Below the rosy skin and the same shirt I’m always wearing (come on, Mom!) there’s a different, more fundamental shift in the nature of the conversations.  We talk less often, certainly, but when we do, the conversation has an unprecedented level of focus.  You choose a time and date and make a plan, rather than a slapdash time filler.  You are, quite literally, staring into each other’s eyes (save for the moments when – and you know who are – you’re looking deeply into the eyes of yourself).  You’re freed from distraction, less the person on the other end catch a glimpse of what you’re doing and squawk, their annoyance transcending thousands of miles, “Are you doing something else?”

It makes for some of the most focused conversations I’ve ever had.  Conversations that quickly blow past the day-to-day trivialities that fill a quickie check in; conversations that move into the realm of history (personal and otherwise), of the world, of what you really mean when you tell this story or that one.  The truth is, after all, written all over your face.

On the flip side, the absence of those gap filling phone calls has had another effect entirely: once afraid, in any moment, to walk by myself, to wait for a bus by myself, to simply be, I am now forced to confront my boredom and live with the worlds both around me and coursing through my own mind.  At home, without my trusty text message parental net, I figure out on my own whether my leftovers will kill me, or if it’s reasonable to spend half my life savings on a flight to New York (hint: it’s not).  I get to spend more real time with both myself and my parents.

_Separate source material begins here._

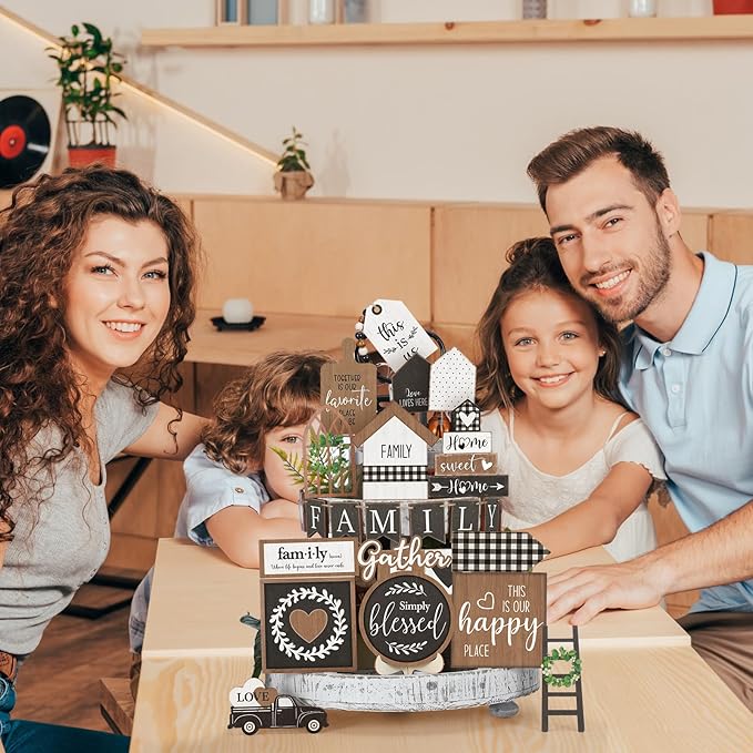 Yaomiao 21 Pcs Farmhouse Tiered Tray Decor Set Rustic Farmhouse Wood Decor Sign Vintage Rustic Family Gather Blessed Tiered Tray This is Our Happy Place Sign for Home Kitchen Table Shelf (Classic)

While it should be noted that it’s not real real time, as I’m gearing up for the holiday season (I’m writing this article eight hours into a plane ride, somewhere over the Great Lakes) I feel more connected to my parents than ever, despite being further, physically, than I’ve ever been.  And, as much as I’ve enjoyed the Picasso-esque, pixelated versions of their faces, I’m excited to see their real ones.